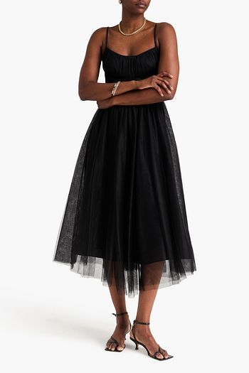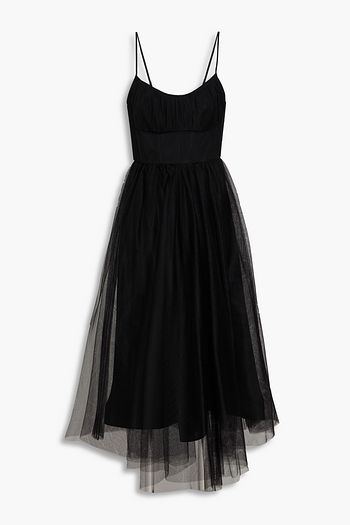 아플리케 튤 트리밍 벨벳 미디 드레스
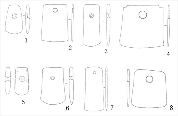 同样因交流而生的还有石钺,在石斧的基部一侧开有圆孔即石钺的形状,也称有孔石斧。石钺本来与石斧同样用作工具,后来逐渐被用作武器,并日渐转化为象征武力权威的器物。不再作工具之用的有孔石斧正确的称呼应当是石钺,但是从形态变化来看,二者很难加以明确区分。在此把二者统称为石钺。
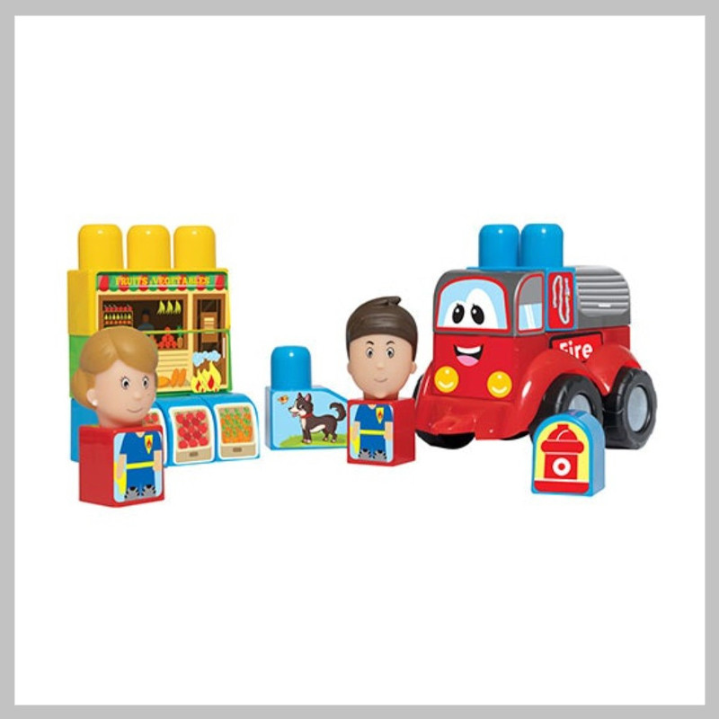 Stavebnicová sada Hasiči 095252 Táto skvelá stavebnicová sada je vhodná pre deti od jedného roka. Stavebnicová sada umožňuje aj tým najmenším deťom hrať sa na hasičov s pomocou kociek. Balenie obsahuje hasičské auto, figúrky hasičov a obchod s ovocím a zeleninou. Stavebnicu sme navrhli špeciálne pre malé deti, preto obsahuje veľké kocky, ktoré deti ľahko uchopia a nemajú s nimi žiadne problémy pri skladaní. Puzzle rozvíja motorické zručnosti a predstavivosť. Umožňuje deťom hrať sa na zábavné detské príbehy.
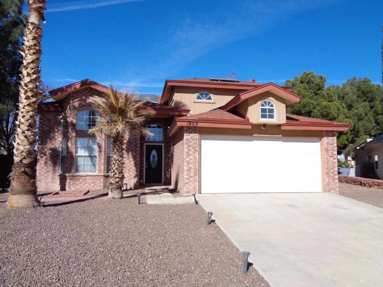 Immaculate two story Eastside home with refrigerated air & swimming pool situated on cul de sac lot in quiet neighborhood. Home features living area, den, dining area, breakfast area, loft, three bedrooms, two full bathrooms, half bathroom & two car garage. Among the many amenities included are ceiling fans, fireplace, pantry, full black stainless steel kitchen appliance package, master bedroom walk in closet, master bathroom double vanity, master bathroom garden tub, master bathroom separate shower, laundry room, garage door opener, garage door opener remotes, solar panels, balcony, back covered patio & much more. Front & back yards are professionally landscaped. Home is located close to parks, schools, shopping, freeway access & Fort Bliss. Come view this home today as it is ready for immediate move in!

##############################

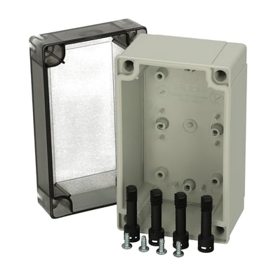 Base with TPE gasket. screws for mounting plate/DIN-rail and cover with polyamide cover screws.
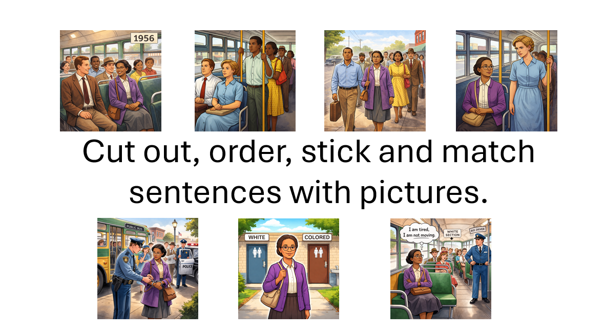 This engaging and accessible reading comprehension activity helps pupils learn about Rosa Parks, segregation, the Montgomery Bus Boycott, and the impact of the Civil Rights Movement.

##############################

* About this task:
Would you restate, exactly and with no pictures, the lines of the entries above from the one containing "아플리케 튤 트리밍 벨벳 미디 드레스" through the one containing "Stavebnicová sada Hasiči"?

* Answer box:
 아플리케 튤 트리밍 벨벳 미디 드레스
 同样因交流而生的还有石钺,在石斧的基部一侧开有圆孔即石钺的形状,也称有孔石斧。石钺本来与石斧同样用作工具,后来逐渐被用作武器,并日渐转化为象征武力权威的器物。不再作工具之用的有孔石斧正确的称呼应当是石钺,但是从形态变化来看,二者很难加以明确区分。在此把二者统称为石钺。
 Stavebnicová sada Hasiči 095252 Táto skvelá stavebnicová sada je vhodná pre deti od jedného roka. Stavebnicová sada umožňuje aj tým najmenším deťom hrať sa na hasičov s pomocou kociek. Balenie obsahuje hasičské auto, figúrky hasičov a obchod s ovocím a zeleninou. Stavebnicu sme navrhli špeciálne pre malé deti, preto obsahuje veľké kocky, ktoré deti ľahko uchopia a nemajú s nimi žiadne problémy pri skladaní. Puzzle rozvíja motorické zručnosti a predstavivosť. Umožňuje deťom hrať sa na zábavné detské príbehy.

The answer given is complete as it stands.